286 Pausanias (3. 14.9) states that in Colophon, a city in Lydia, people ‘sacrifice a puppy, black bitch, to the 

wayside Goddess [Hekate]’ (Jones 1926:  89). 

of Hekate, and liken her appearance to a Gorgon. Snakes are also associated with the underworld and the earth, and can be seen as mysterious and threatening. This emphasises Hekate’s chthonic functions. It does not need to be said that her appearance is uncannily similar to that of the snake goddesses from Crete, and perhaps Hekate is meant to be associated with an ancient, primitive goddess.

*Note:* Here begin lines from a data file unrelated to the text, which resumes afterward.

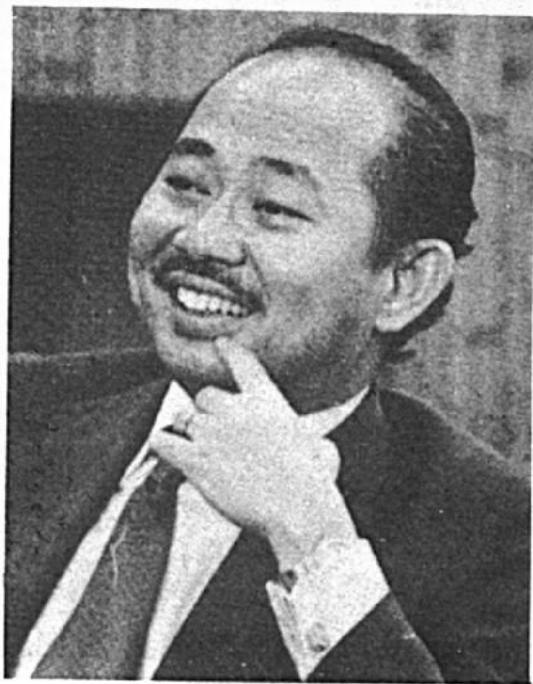
Tengku Razaleigh Hamzah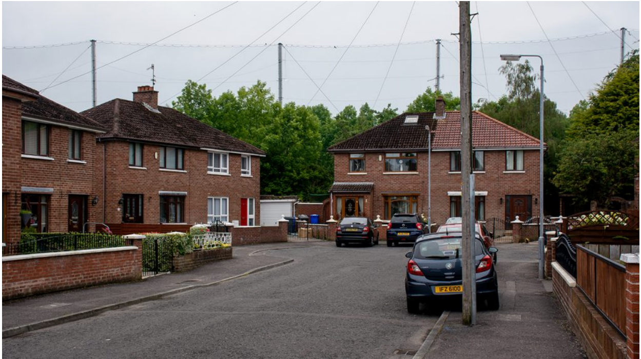
Deerpark Parade, una zona unionista de West Belfast.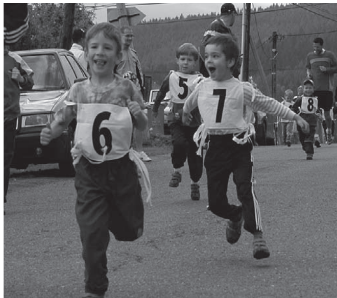
finiš závodu na 100m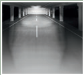
Fernlicht mit 170 Lux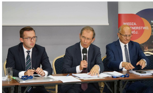
W dyskusji poprzedzającej podjęcie stanowiska samorządowcy z miast dzieliли się swoimi uwagami na temat zagrożeń dla funkcjonowania samorządów - padały stwierdzenia, że obecna sytuacja to zamach na samodzielność finansów.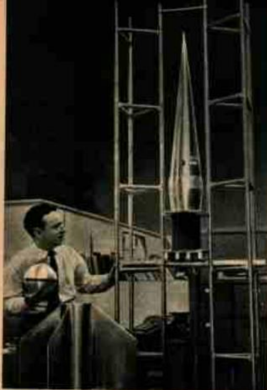
Le nez en forme d'aiguille d'une nouvelle fusée transportera une sphère en aluminium, bourrée d'instruments, jusque dans les couches supérieures de l'atmosphère.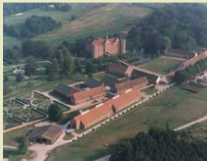
Landbrugsmuseet på Gammel Estrup

På Hjerl Hede Frilandsmuseum, midt i det vestjyske hedelandskab, arbejder der hver sommer mere end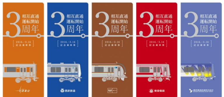
記念乗車券（台紙）イメージ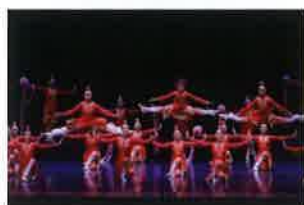
110 學年度全國學生舞蹈比賽團 體民俗舞特優 《喜悅拊舞》 冷靜老師 編舞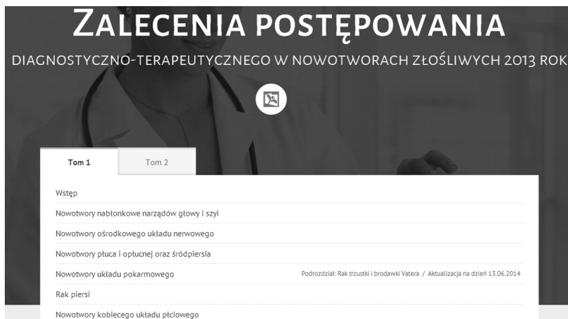
Rycina 1. Fragment strony zawierającej elektroniczną wersję książki „Zalecenia postępowania...”, opracowanej pod auspicjami PTOK

Strona zawierająca zalecenia PTOK nie została sformatowana z myślą o urządzeniach mobilnych, takich jak smartfony lub tablety, niemniej jednak wyświetlenie i nawigacja po

It is important to question why and how Hekate became connected to Medea in the first place. Prior to her connections with the sorceress, she was a protectress, not the goddess of witchcraft. It is clear that by the time of the Argonautica, Hekate, although retaining great power, has become completely alienated from her original authority and role as seen in the Theogony. Comparatively she has recovered more power than she was allowed in the Homeric Hymn to Demeter, but this at the expense of her reputation. The answer to the above question can be found in the way in which Hekate is perceived in the Argonautica.

Firstly, it is significant that Medea is not Greek. She is from Colchis and is essentially a barbarian woman: this instantly marginalizes her, and her favoured goddess, who becomes

“un-Greek” by association. Hekate is therefore in effect segregated from the Greek pantheon in which she is already a minor goddess, or at least a very inconsistent one whose functions and character were constantly changing. This is highlighted in Book 3 when the three mighty goddesses of Olympus scheme against Medea, and Hekate is not only excluded from the proceedings, but she is completely unaware of the conspiracy. She seems to belong to a different pantheon entirely. In addition, while the three Olympian goddesses are given scenes and direct speech within the poem, Hekate is mysterious and inaccessible, usually only spoken of rather than seen, and when she does appear, she is distant, otherworldly and terrifying.

Her extreme power and wild appearance would no doubt have made the typical Greek apprehensive. She is now the unruly, insubordinate, untameable goddess that characterises her throughout the rest of antiquity. Where once she was tender-hearted with a delicate veil, she is now garlanded with snakes. I therefore find the turning point of Hekate’s development her relationship with Medea. She is adapted to be compatible with the barbarian murderess, and to reinforce stereotypes about what kind of behaviour makes a foreign woman dangerous.

It may be that in emphasising the artificial love Medea possesses for Jason, Apollonius is

 

attempting to stress that she was an irrational woman. This reflects on Hekate who by association with Medea loses the reputation and honours she once was assigned and becomes entrenched as a chthonic, ‘dread goddess’ who is invoked only by the brave at night.